Two white VR controllers pointing forward at 3D panels.

Speech-to-world

Speech-to-world is a Generative AI (GenAI)-based application to create and edit VR environments. As part of a 6-month work in 2024 I was charged with building a World Generator using generative AI. The idea is to create a VR application where the user can simply say want it wants to see, and let the AI generate the environment. It can then edit the environment to add elements or remove details. The result of this work can be seen at HugoFara/speech-to-world-server and HugoFara/speech-to-world-unity-client.

A scene presenting 4 3D panels for VR. To white controllers are pointing forward.

The process has a few independent, for a complete explaination the source of truth is the GitHub wiki.

The technical demo for Speech-to-World

VR application

First of, the user interacts with a VR application built with Unity and OpenXR. The idea is mostly to present a limited number of 3D panels with options to avoid overloading the user with too many choices.

A depiction of a microphone with the text "Speak!" written above.
An illustration of the activated microphone

In particular, there is a microphone object that can be grabbed and activated. Once activated, the user can speak inside to record it’s voice, while an Automatic Speech Recognition (ASR or speech-to-text) model transcripts and translates everything in English.

For records, the ASR and translation models are both Whisper-v3.

Skybox generation

The skybox generation is the most important feature of this project. It is a heavily modified text-to-image model base with the following characteristics:

  • There is no horizontal border. Placing the image side-by-side would give an asymmetric horizontal tiling.
  • The two poles (top and bottom) are modified to avoid any visible deformation (known as the hairy ball theorem).
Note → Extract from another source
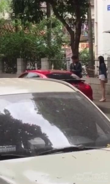 我在远处看到妹子拿走了他车顶上的一瓶绿茶,不知道啥意思,在线等!

I used several models but stuck with a combination of Stable Diffusion XL 1.0 and Stable Diffusion XL 1.0 Inpainting 0.1 for there great consistency with each other.
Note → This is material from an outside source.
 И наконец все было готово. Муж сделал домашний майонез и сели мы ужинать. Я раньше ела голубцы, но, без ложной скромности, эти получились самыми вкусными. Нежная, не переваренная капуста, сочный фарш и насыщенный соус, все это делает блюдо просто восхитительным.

Once both constraints are satisfied, we effectively get a text-to-skybox model, with is very good at rendering landscapes. Yet, we want a 3D map, which needs quite some more work.

Depth generation

A progressive approach to 3D models is to use an image-to-depth model. This models will create a “surface” of our environment that we can extend for a real 3D scene. The best model at the time was Marigold.
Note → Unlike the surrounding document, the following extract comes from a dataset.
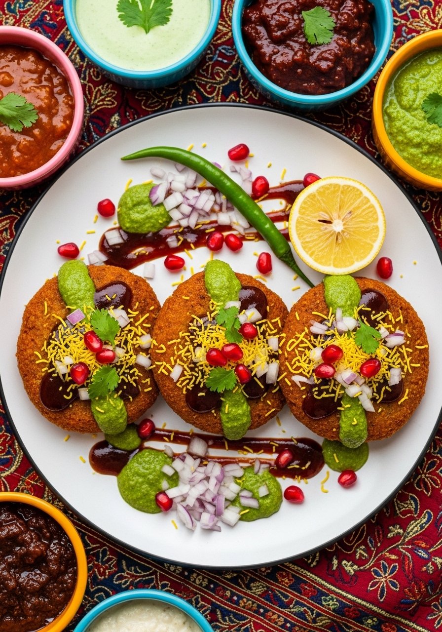 6. Mumbai Aloo Tikki Chaat (Street-Style Potato Patties with Chutneys)

An AI-generated landscape of a sunny mountain, with trees on the borders.
An AI-generated landscape image
A heatmap of the depth of an landscape. Elements close to the viewer are in red, while the remote elements are in blue.
A depth coloration using Marigold

On the left is the depiction of an original AI-generated image (using SD XL 1.0 base only). On the right is the heatmap of the generated depth for the same image.

As we can see it has a high fidelity to details.

Image segmentation

We have an RGBD image, but we are unable to say what are the elements belonging to the skybox, the terrain or the 3D objects. To solve it we will use a segmentation model. We will use the following classification rules:

  • Remote elements (for instance depth > 80 % max depth) belong to the skybox
  • The ground has a depth that monotonously increases on vertical lines from bottom to top. In other words, the sign of it’s vertical gradient is fixed.
  • Whatever remain are 3D elements.

There rules proved to be robust enough to be used, with better results than ML and AI based segmentation methods.

Segments completion

We are basically cutting parts from an original image, results in incomplete elements. We have to complete them.

Skybox

For this segment we use a first ML-based inpainting. I used biharmonic inpainting to stick with skimage, but Navier-Stokes based inpainting (TELEA), may be better for users of OpenCV.

Terrain

For the terrain, we first need to complete the depth map. It is a multi-step process that involves “brushing” the depth map to reduce noise, before computing the gradient and removing the elements with null gradient. Then, a depth-based ControlNet is used to rebuild the terrain.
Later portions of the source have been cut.